I dont see the banks going with  your idea.

Also share the concerns of others regarding a carreer as a barrister. Getting assignments is difficult and getting paid is not easy either and i think you are being very optimistic thinking you only need a 24 month mortgage holiday.


----------



## niceoneted (20 Mar 2010)

Could you not have saved the mortgage payments for when you wouldn't have an income coming in? 
Is there a possibility that you could agree going interest only and then renting out some rooms to get this money in?
I went back to college 2 yrs ago and intended taking a career break to try out in the new area so had saved 2 yrs worth of mortgage payments guaranteed bills. Can you put off your training until this is done.


----------



## Brendan Burgess (20 Mar 2010)

niceoneted said:


> Could you not have saved the mortgage payments for when you wouldn't have an income coming in?
> Is there a possibility that you could agree going interest only and then renting out some rooms to get this money in?
> I went back to college 2 yrs ago and intended taking a career break to try out in the new area so had saved 2 yrs worth of mortgage payments guaranteed bills. Can you put off your training until this is done.

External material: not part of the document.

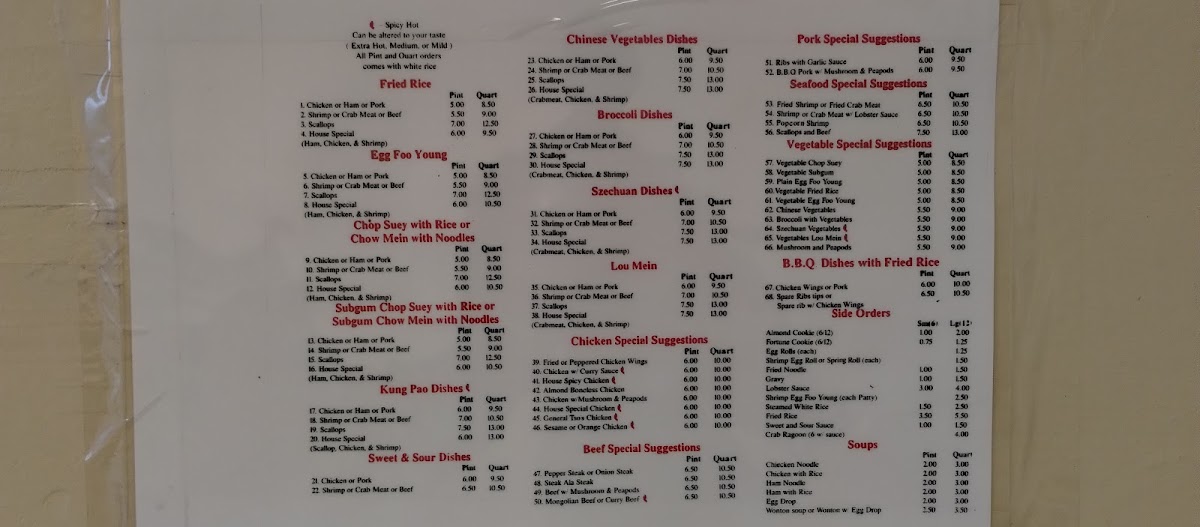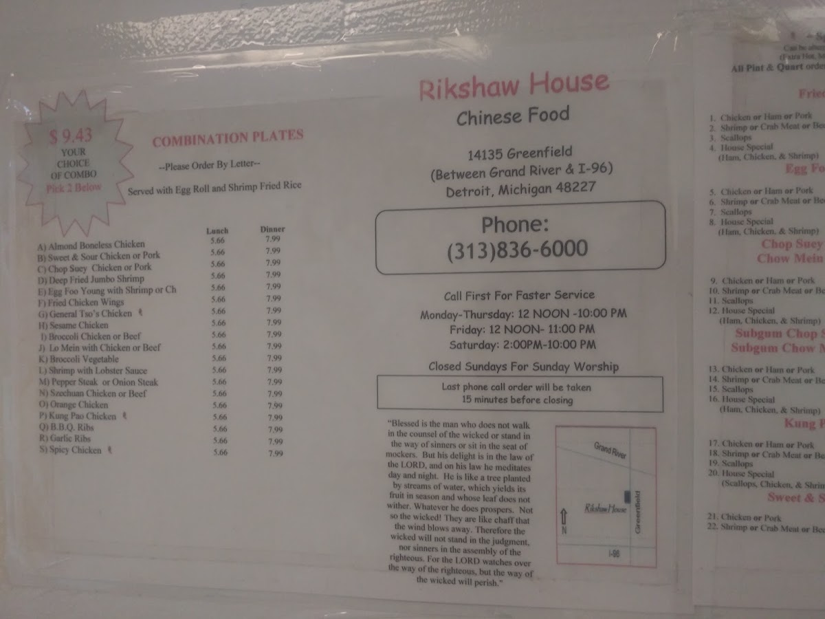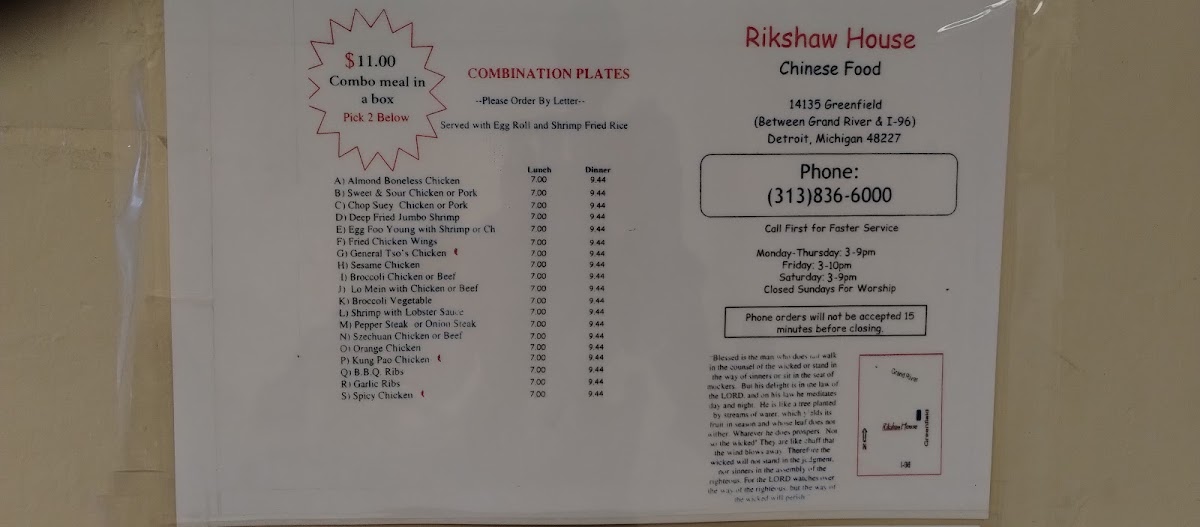 From a reviewer’s perspective, the menu at Rikshaw House, located at 14135 Greenfield Rd, Detroit, MI 48227, feels like a well-rounded conclusion to a classic Chinese-American dining experience-one that prioritizes variety, familiarity, and generous choice. The foundation of the menu is built around staples like Fried Rice, Egg Foo Young, and Chop Suey with Rice or Chow Mein with Noodles, each thoughtfully offered with proteins ranging from chicken, ham, or pork to shrimp, crab meat, beef, and even premium options like lobster, scallops, or a House Special. This same flexible approach continues through Subgum Chop Suey or Subgum Chow Mein, Kung Pao Dishes, Sweet and Sour Dishes, Chinese Vegetables Dishes, Broccoli Dishes, Szechuan Dishes, and Lo Mein, allowing diners to customize their meals while staying within familiar flavor profiles. The menu truly shines in its “Special Suggestions,” where comfort meets indulgence-standouts include Fried Chicken Wings, Peppered Chicken Wings, Almond Boneless Chicken, Mongolian Beef, Pepper Steak, Ribs with Garlic Sauce, and seafood-focused plates such as Shrimp with Lobster Sauce, Popcorn Shrimp, and Lobster Meat. Vegetarian diners are not overlooked, thanks to options like Vegetable Chop Suey, Vegetable Subgum, Vegetable Fried Rice, and Vegetable Egg Foo Young. Rounding out the experience are practical and satisfying additions such as Bar-B-Q Dishes with Fried Rice, classic Soups like Egg Drop or Chicken Noodle, simple Side Orders including Egg Rolls, Fortune Cookies, and Almond Cookies, and the convenient Two Items Combination Plate for those who want a little of everything. Overall, Rikshaw House’s menu reads like a confident summary of what it does best: offering a broad, dependable selection of Chinese favorites that cater to many tastes, making it easy for both first-time visitors and regulars to leave satisfied.

+1 . This is the right way to do it.


----------



## madfella65 (23 Mar 2010)

Brendan said:


> Did you not think about this before deciding to quit your job and go to College?


 
That's helpful - from a mod too!!!!
I suggest you speak to your bank and see can you reach an amicable agreement on payments - they may not be too willing - but you will never know until you ask.


----------



## Allen (23 Mar 2010)

You need to get a loan to cover the 2 years mortgage payments.  I don't know how keen banks are to gove loans for educational purposes these days but you can ask.


----------



## Sutton1 (23 Mar 2010)

Thank you for all the replies.

I have written to the bank and we'll see what happens!


----------



## SteveW9 (23 Mar 2010)

Sutton1 said:


> Thank you for all the replies.
> 
> I have written to the bank and we'll see what happens!


 
I would be amazed if they agree to no payments for 2 years. 

Is it possible to do this course at night while also keeping your job?


----------



## Robin Banks (23 Mar 2010)

Look I've paid my mortgage without fail for two consecutive months, now I need seven years off because I'm going to be a doctor to help people, like Harold Shipman.

Anyway I heard Anglo let Seanie off the hook for 7 million this weekend which is an order of magnitude more than I'll earn in my entire career, so I assume a few hundred k from me won't be missed either.

Fair is fair.


----------



## Wishes (23 Mar 2010)

There are people out there genuinely struggling and are not being helped by banks. 

It will be good to hear the outcome of the OP's request.


----------



## Sutton1 (23 Mar 2010)

I'll let you know the outcome!


----------



## rustbucket (29 Mar 2010)

Id be interested to hear how you get on on what their response is. Best of luck


----------